Those intermittent dashes of deft market analysis served on social sites like Twitter and Facebook betting on a bullish phase or next wave of bear market are not impromptu thoughts from uninformed investors. Many are now in the form a prewritten post drawn from a comprehensive library of customized messages dispatched by financial advisers at leading Wall Street firms tapping into the fast-paced realm of social media.
A powerful marketing opportunity
For Wall Street, social media constitutes a vast and powerful marketing opportunity to market initial public offerings, to effort to communicate with homeowners on mortgage policies, to discuss investment scenario and to predict the broader market movement.
Adept start-ups have emerged to guide social media communications by Wall Street’s firms, offering them software and advice because many of these organizations have hardly used the networks in the past somewhat similar to a scenario when people first started using the Internet for basic business purposes.
Social media compliance products, the new buzz
For example, Socialware, a start-up located in Austin, Tex., offers an array of social media compliance products specifically for the financial industry. It also advises managers of financial firms on usage of social media. The company sells software, which can archive a library of prewritten messages and let compliance officers oversee postings. Its clients like Guardian Life, AllianceBernstein and Morgan Stanley Smith Barney have used the software to give their sales & marketing people access to Facebook, Twitter, LinkedIn etc.

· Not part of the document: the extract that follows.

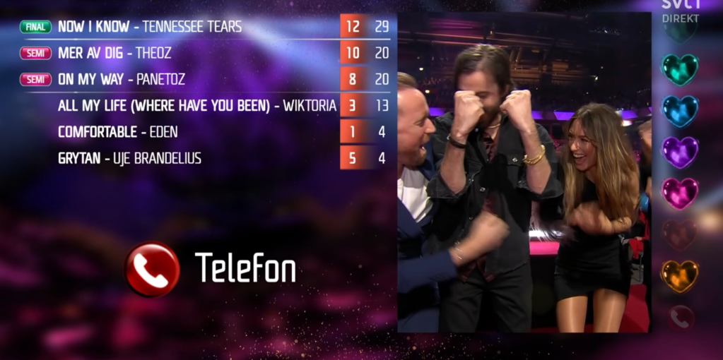 אף פעם אל תשכחו את כוחו של סיפור עצוב על המצביעים. הקווים פתוחים כעת עבור ששת השירים הנותרים. כעת מופע ביניים שני: לינדה בנצינג ו-Magnus Carlsson.
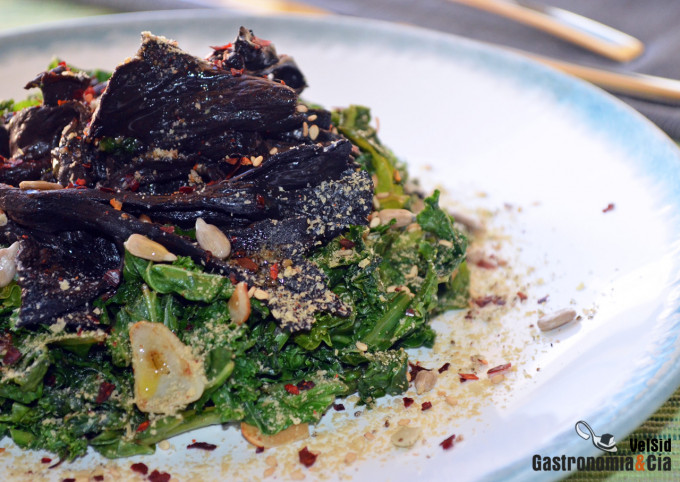 Tenemos que recomendaros preparar esta receta de col kale con trompetas de la muerte, semillas molidas (sésamo, calabaza, girasol, cáñamo, lino…), levadura nutricional y copos de pimentón ahumado, es un entrante muy fácil y rápido de elaborar y resulta muy nutritivo, además de estar delicioso. Se puede completar este plato con alguna proteína vegetal o animal al gusto, así que tomad la idea y preparad vuestro plato.

According to Lauren W. Boyman, in-charge of social media operations at Morgan Stanley Smith Barney, internal statistics suggest that financial advisers are engaging with clients over these platforms with reasonable success. Prewritten messages definitely help streamline the whole process.
Risks involved in fast-paced communications
There is a large firm regulatory framework within which the players everyone needs to operate. It’s not easy both for compliance officers and financial firms overseeing communication on social sites intended to issue random messages at a rapid-fire pace. It is necessary to stringently monitor communications to make sure they are absolutely in compliance with finicky securities regulations. The process can get time consuming.
The regulator last year suspended a broker in California, who recommended certain companies on Twitter without informing her employer she personally held stocks of some of them. Another investment adviser from Illinois was accused of offering to sell certain ‘fictitious’ securities on the professional network, LinkedIn.
Of course, even a small mistake can have wider ramifications. No surprise, only a select advisers and experts are permitted to use networking sites. Employees are generally blocked from even checking personal social and e-mail accounts while at work so that no wrong message is sent out.
Only a select group of financial advisers is allowed to write their own posts or messages on Facebook and Twitter. For, the financial word, it’s a new learning curve! The key is to build a real, regular following on social media sites through meaningful yet fully compliant content approved by the branding & compliance divisions.